▶ DATASET SECTION:
BEGIN

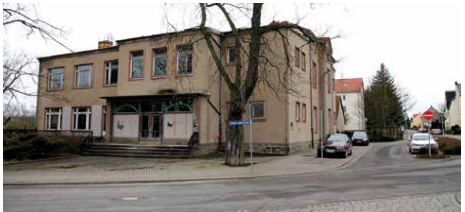
Wie die Zukunft des Kulturhauses Beucha aussehen kann, wird die Machbarkeitsstudie zeigen.

Das Kulturhaus in Beucha könnte bald zu neuem Leben erblühen. Das zumindest hat sich der Kulturhausverein auf die Fahnen geschrieben. Die Mitglieder hoffen nun auf die Ergebnisse der in Auftrag gegebenen Machbarkeitsstudie. Diese soll zum nächsten Ortschaftsratsrat, am Mittwoch, 6. Februar, 18.30 Uhr im Speiseraum der Grundschule Beucha vorgestellt werden. Darin sollen Möglichkeiten aufgezeigt werden, wie das Kulturhaus Beucha zukünftig genutzt werden kann. Es geht darum, das Entwicklungspotential und die mögliche Umsetzung einer kulturellen Umnutzung des Hauses darzulegen. Darin enthalten sein werden auch konkrete Maßnahmen einschließlich der Finanzierung und bauliche Umsetzung. In dem bereits vorliegenden Exposé zur Machbarkeitsstudie heißt es unter anderem: „Ziel ist es, das Kulturhaus als neues Zentrum für Brandis mit seinen Ortsteilen, insbesondere Beucha kulturell, touristisch und wirtschaftlich an einem infrastrukturellen Knotenpunkt gemeinsam mit weiteren geotouristischen und touristischen Akteuren zu entwickeln, sowie die Region Brandis/Beucha kulturell und touristisch zu beleben.“
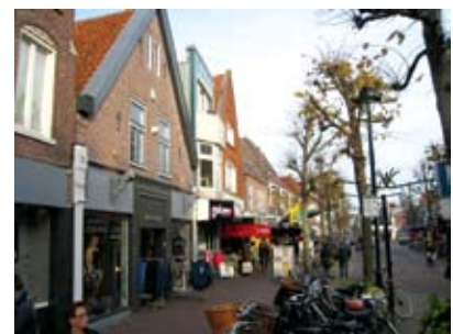
3.3 Alternatief Markt - Gedempte Gracht

De kermislocatie Markt - Nieuwstraat is met ingang van 2016 niet meer beschikbaar hebben we gelezen in paragraaf 3.3. Alternatieve locaties zijn bestudeerd. Uitgangspunt is dat ook in de toekomst na de eeuwenlange traditie rondom de kerk (kerkmis, kermis) op de Markt kermis zal zijn. De horeca is hier nadrukkelijk aanwezig en de link kermis-horeca moet ook in de toekomst in stand blijven. Voor een succesvolle kermis is het van belang dat het kermisterrein uit één, aaneengesloten terrein bestaat. Gemeten vanaf het midden van de kerk tot aan het einde van de Nieuwstraat is de loopafstand 360 meter. Braakliggende terreinen met bestemming bouwen zoals het terrein van Wooncompagnie aan de

END

In the material above, one part opens with the line containing "Das Kulturhaus in" and closes with the line containing "3.3 Alternatief Markt - Gedempte Gracht". Write out that part exactly and skip its pictures.

Das Kulturhaus in Beucha könnte bald zu neuem Leben erblühen. Das zumindest hat sich der Kulturhausverein auf die Fahnen geschrieben. Die Mitglieder hoffen nun auf die Ergebnisse der in Auftrag gegebenen Machbarkeitsstudie. Diese soll zum nächsten Ortschaftsratsrat, am Mittwoch, 6. Februar, 18.30 Uhr im Speiseraum der Grundschule Beucha vorgestellt werden. Darin sollen Möglichkeiten aufgezeigt werden, wie das Kulturhaus Beucha zukünftig genutzt werden kann. Es geht darum, das Entwicklungspotential und die mögliche Umsetzung einer kulturellen Umnutzung des Hauses darzulegen. Darin enthalten sein werden auch konkrete Maßnahmen einschließlich der Finanzierung und bauliche Umsetzung. In dem bereits vorliegenden Exposé zur Machbarkeitsstudie heißt es unter anderem: „Ziel ist es, das Kulturhaus als neues Zentrum für Brandis mit seinen Ortsteilen, insbesondere Beucha kulturell, touristisch und wirtschaftlich an einem infrastrukturellen Knotenpunkt gemeinsam mit weiteren geotouristischen und touristischen Akteuren zu entwickeln, sowie die Region Brandis/Beucha kulturell und touristisch zu beleben.“
3.3 Alternatief Markt - Gedempte Gracht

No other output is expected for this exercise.